De aankomende vlugge alineaatjes zijn geschreven door een speler uit de hoofdklasse (soms afdelingsklasse, als het tweede te weinig heeft). Die twee keer in de midweek en, als het met werk uitkomt, een keertje in het weekend met zijn teamgenoten samenkomt in een kleedkamer.

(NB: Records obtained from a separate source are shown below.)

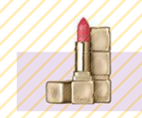
GUERLAIN キスミス マット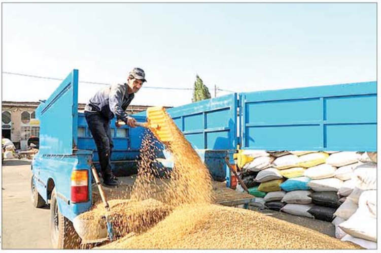
مدیرکل دفتر غلات و محصولات اساسی وزارت جهاد کشاورزی: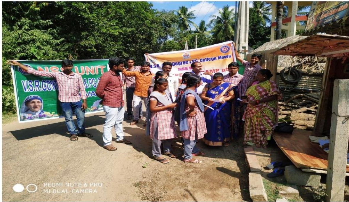
Door to door Campaign on Single-use plastic shopping bags and Free Medical Camp

Een aantal harde muurtjes, oncomfortabele bankjes van hout én bizar veel kapstokjes van staal waar je minstens eens per seizoen je hoofd tegen stoot. Een plek met alleen maar vanzelfsprekendheden. Waar je, je letterlijk bloot geeft, maar nergens anders zo beschermt voelt. De kleedkamer.
Snelle tosti
Het samenzijn van een sportteam in een kleedkamer heeft geen structuur. Laat staan regels. Maar nergens anders gaat het zo van een leien dakje. Je kiest een plekje, ploft je tas op een klein metertje en schuift wat op. Terwijl de laatste teamgenoot met een snelle tosti in de hand binnen holt ga je eventjes zitten, om snel weer in de benen te komen om je tas open te ritsen.

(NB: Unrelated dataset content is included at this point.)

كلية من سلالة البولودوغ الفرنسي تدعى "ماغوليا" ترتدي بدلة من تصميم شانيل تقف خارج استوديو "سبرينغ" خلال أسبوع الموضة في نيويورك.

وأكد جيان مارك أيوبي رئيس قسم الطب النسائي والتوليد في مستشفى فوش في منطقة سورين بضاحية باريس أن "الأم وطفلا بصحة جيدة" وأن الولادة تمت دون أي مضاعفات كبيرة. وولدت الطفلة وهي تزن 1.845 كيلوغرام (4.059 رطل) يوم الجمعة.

Zowel voor de wedstrijd of training als erna is het rumoerig in de kleedkamer. Buiten het praatje van de coach om sluipt teveel geluid uit de kiertjes van de eerder genoemde, harde, muurtjes. Gekeuvel, vaak weinig diepgang. Maar daardoor niet minder waardevol. En op het juiste moment wordt na een vermoeiende, lastige of vervelende dag een schouder gedeeld. Kameraadschap.
Koude tegels
Het gesprek blijft gaande, gevleugeld door heerlijke lachtonen. Zonder aarzeling worden naast verhalen ook eigendommen gedeeld. De shampoofles gaat rond en als het even tegenzit ook handdoeken. Of mee zit. Want zo heb je minder was. De koude, ongetwijfeld meest goedkope, tegels zouden je een kil gevoel geven. Maar zodra je na een drukke werkdag de drempel over bent, voel je je meteen op je gemak.
Te weinig douches, een natte vloer – en daardoor sokken – en die verrekte kapstokjes waarvan je koppijn krijgt. Als kleren de man maken, maken teamgenoten de kleedkamer. Zonder spelregels, met badslippers en buiken. Zin in woensdag.